Yes. I’ll be here next Sunday for church.
She smiled. Satisfied. Now on to other pressing matters… her birdseed and the priest. Despues de la misa, me lleves al fruita para mis gatos.

I wanted her to know. I wanted a lucid moment where she would sympathize with me. Give me a dose of wisdom. Tell me that it would be OK. That I am not damaged or grotesque. That I am OK. So, I tried to tell her what I was sad about. I thought she might get it. I don’t know, maybe the thick fog that envelops her mind would clear for a second and reveal the woman who used to be. My mom.

She didn’t seem to comprehend what I was telling her — that my ex-husband (that’s how she refers to my ex-boyfriend and knows him only as that) was in town and I am sad about him — then, she asked me about him: Where’s that cute boy who I used to live with.
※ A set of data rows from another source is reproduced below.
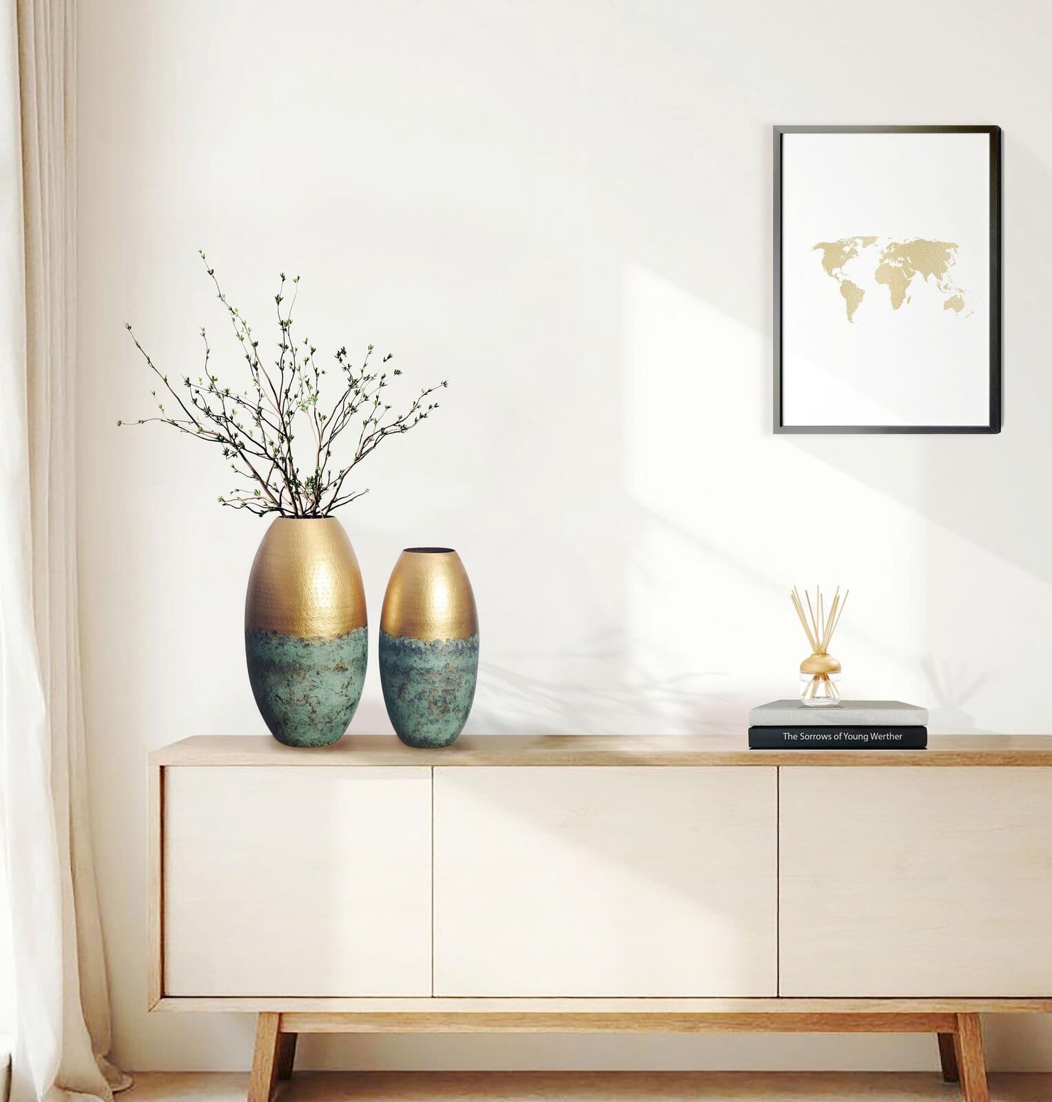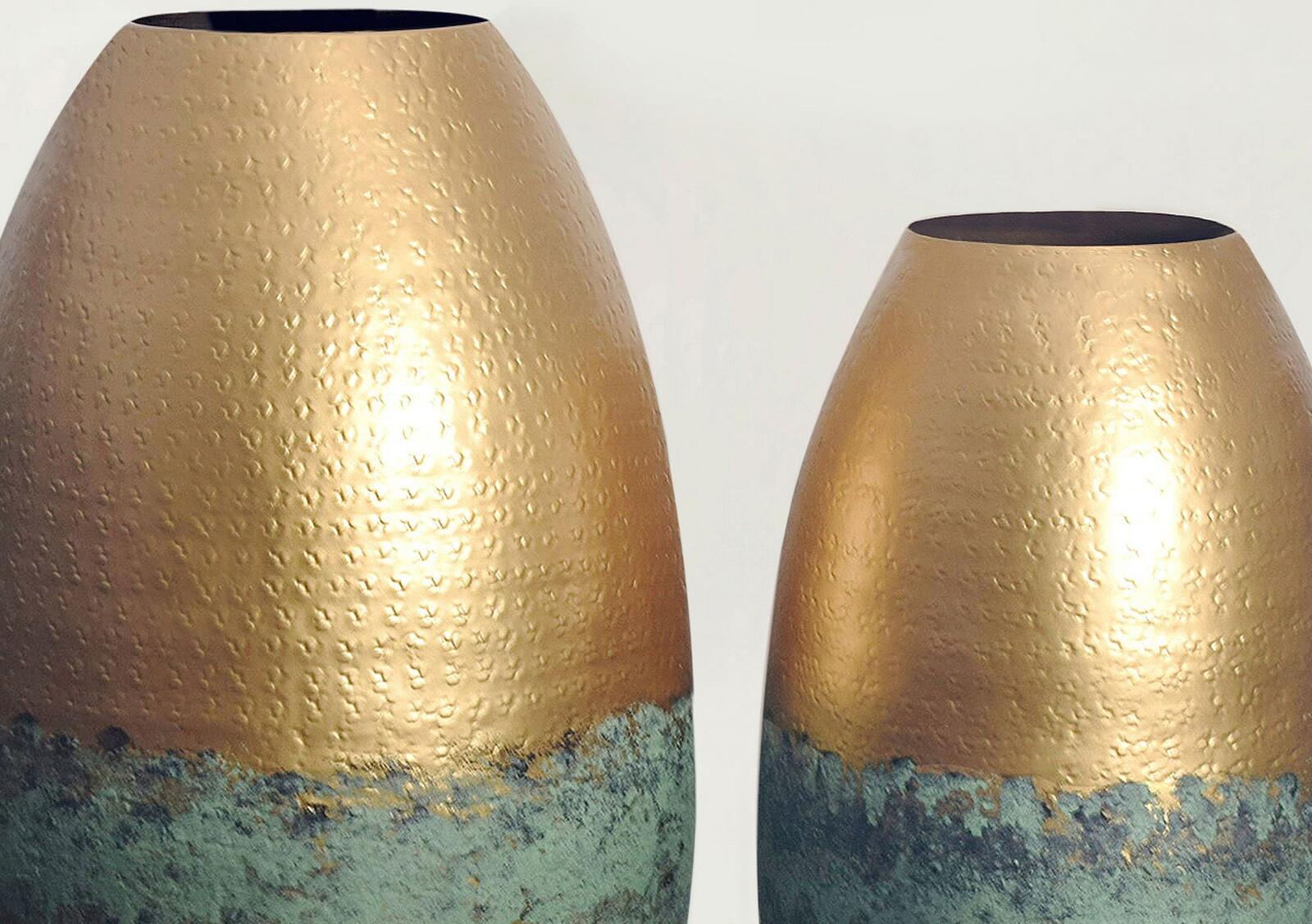 - Diese Metallvasen bestechen durch die kunstvolle Zweifarbigkeit mit glänzendem Gold und patiniertem Türkisgrün. Die filigrane Punzierung verleiht den bauchigen Gefäßen eine edle Optik – perfekt als stilvolles Wohnaccessoire.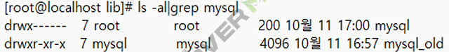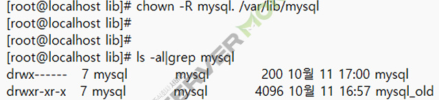 서비스 실행을 위해선 mysql 디렉토리를 mysql 권한으로 변경해 줍니다.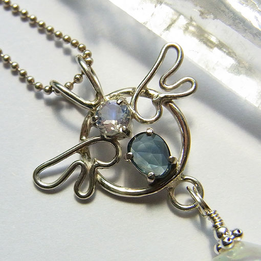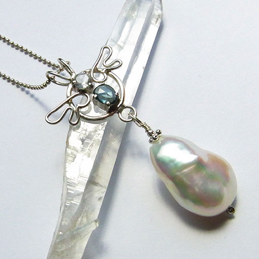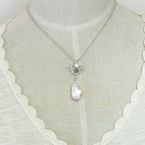 小さな翼を添えたシルバー飾りにサファイアとホワイトラブラドライトを留め オーロラのような光沢が美しい肉厚のバロック淡水パール を組み合わせた個性的なペンダントです。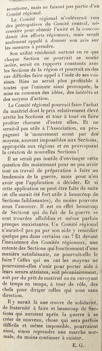 Un numéro de mars évoque un problème apparemment important : « entre Paris et la Province il y a des différences sensibles » que regrette un correspondant, ce qui entraîne une réponse circonstanciée et la proposition de mettre en place un « comité régional » : « il ne serait pas inutile d’envisager cette question dès maintenant pour ne pas avoir tout un travail de préparation à faire au lendemain de la guerre, mais pour n’en avoir que l’application à décider ».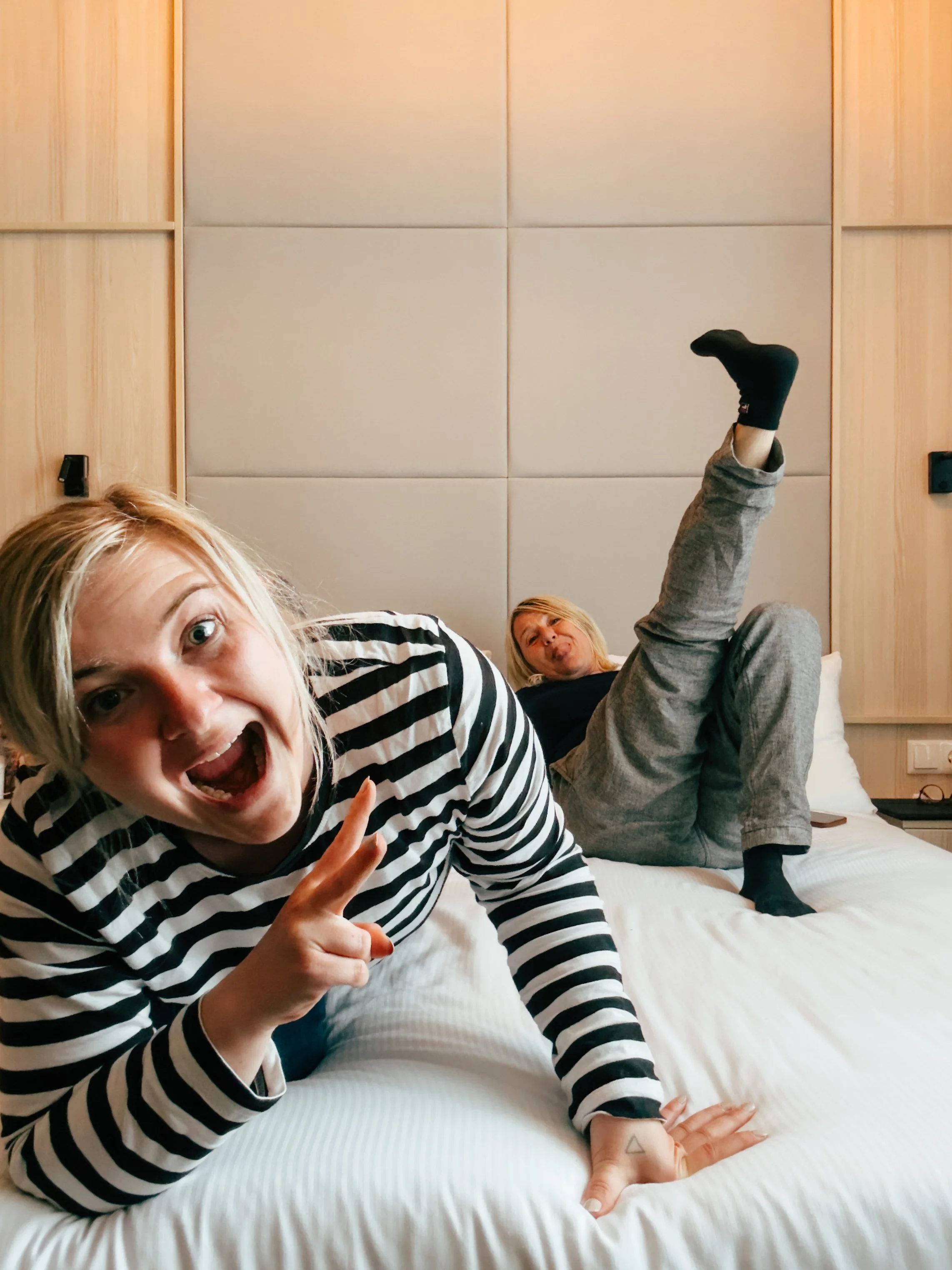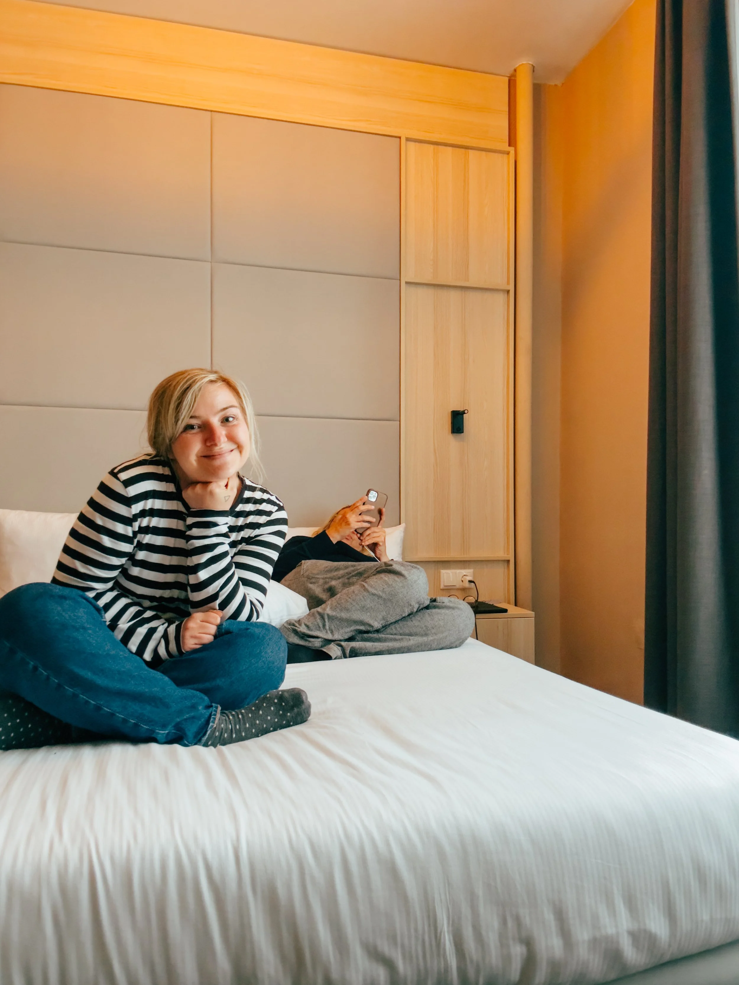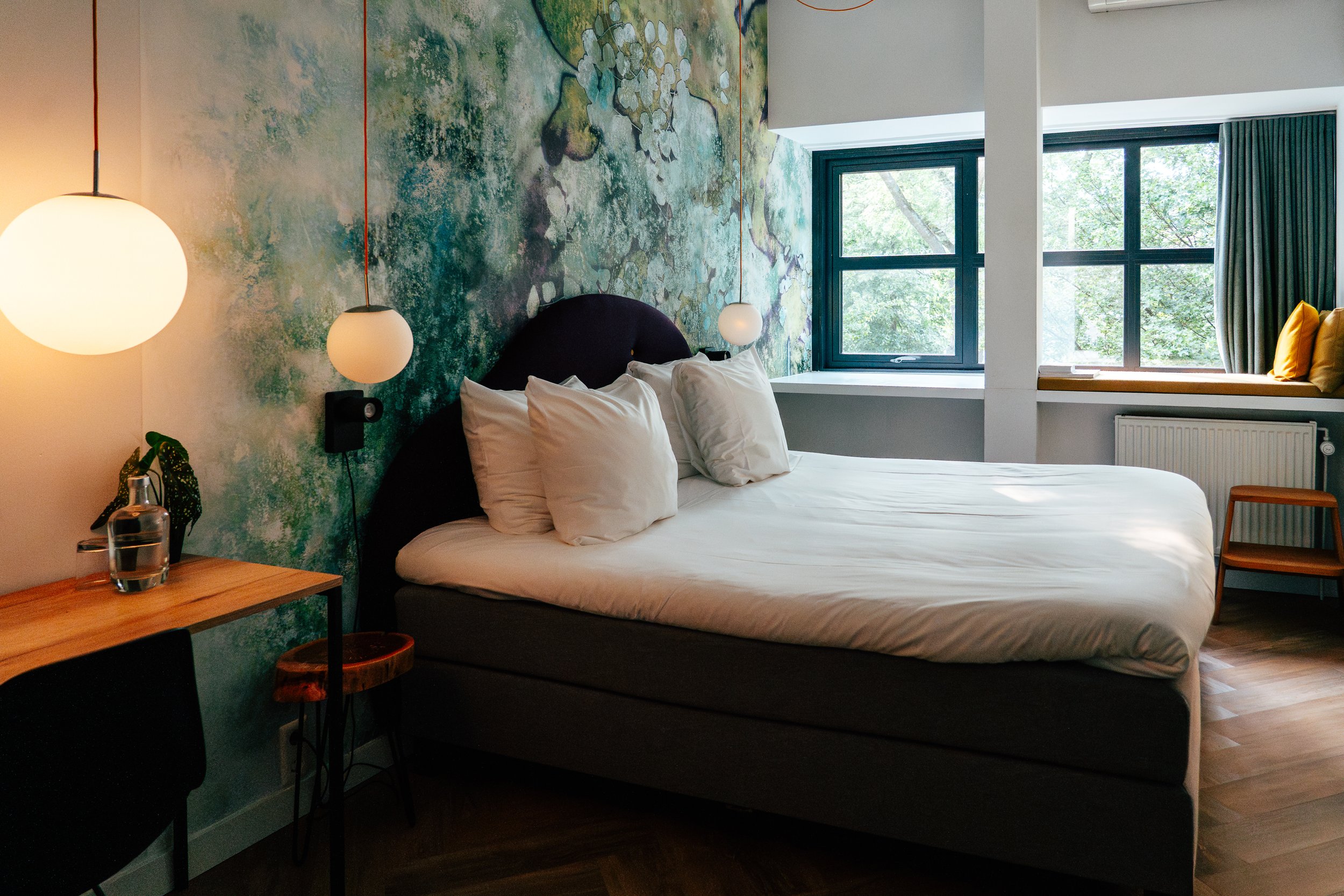 View from a bedroom window with sheer curtains, showing a forest landscape, private stay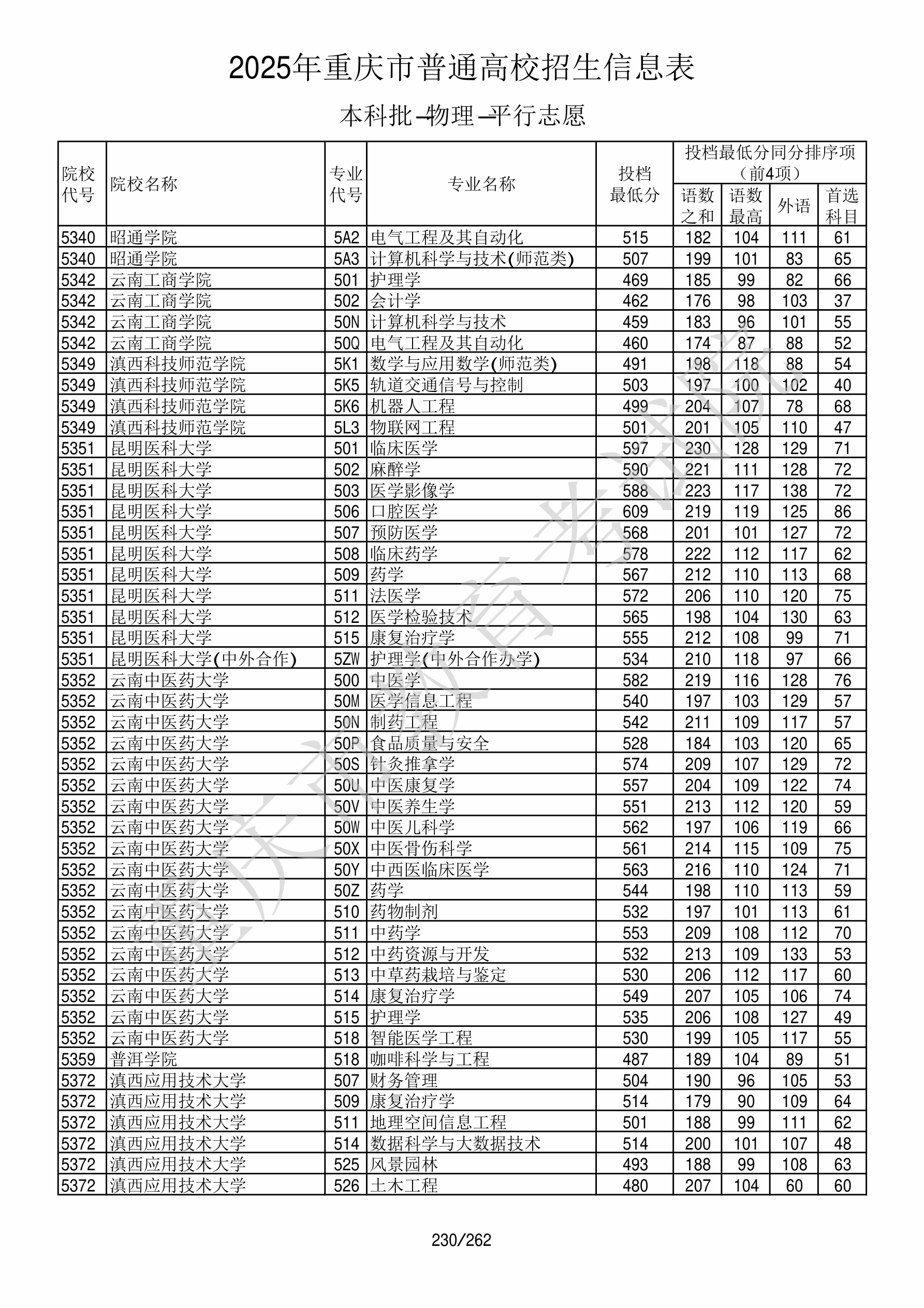 | 院校代码 | 院校名称 | 专业代码 | 专业名称 | 最低分数 | 最低位次 | 专业层次 | 限考科目 | 投档 |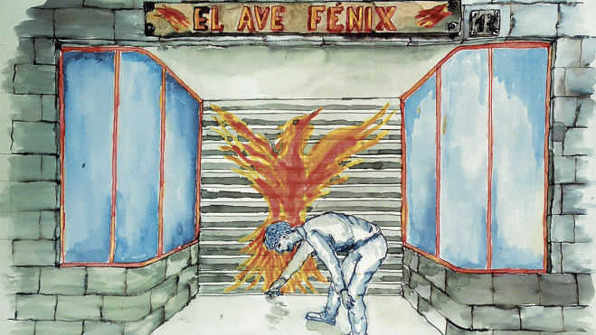 Un año más tarde, Eugenio se levantó y como cada mañana fue a encender el letrero de neón de su famosa tienda, «El Ave Fénix».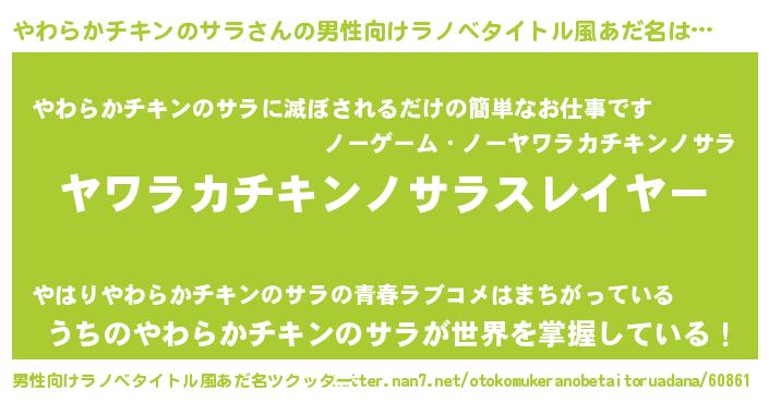 | 欧米人風あだ名 | 『トリンドルやわらかチキンのサラ』 |
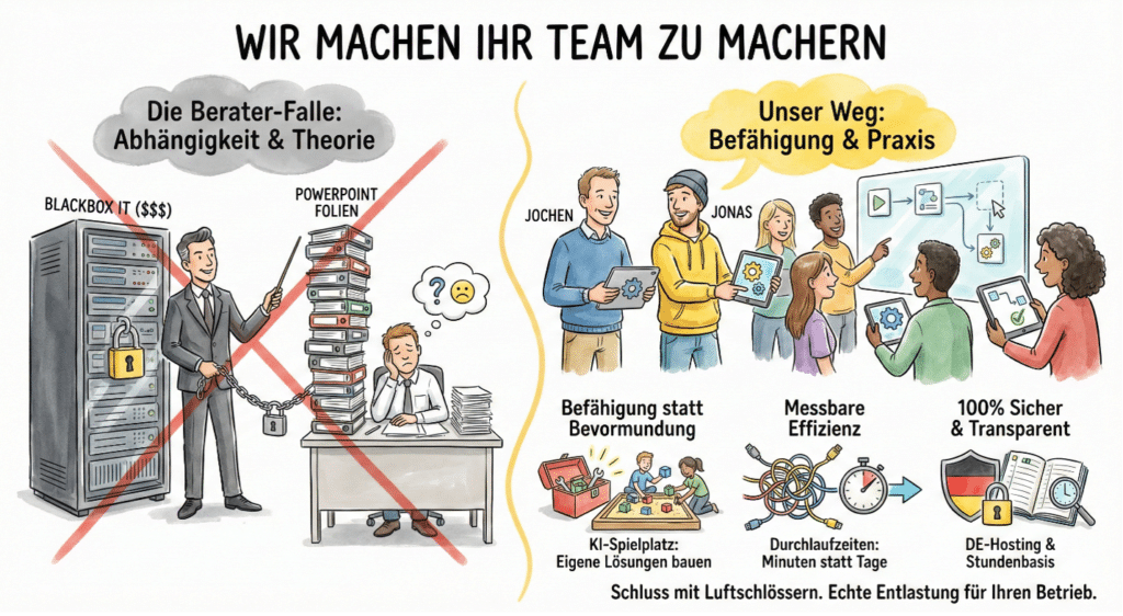 Die meisten Berater hinterlassen Ihnen ein teures IT-System, endlose PowerPoints und eine Abhängigkeit. Wir machen es anders. Wir hinterlassen Ihnen ein Team, das die Digitalisierung selbst im Griff hat.

The one in that one place. Where you used to live. Far. When you lived in Ecuador. What happened to him? Where is he? Do you have a new man? Doesn’t he love you anymore?
Doesn’t he love me anymore.
Doesn’t.
He.
Love.
Me.
Anymore.
Words.
Eviscerate.
Rinse.
Repeat.
Tears.
Love.
Me.
Vomit.
Please.
Love.
Me.
KATHY RITCHIE is feeling a touch grotesque today.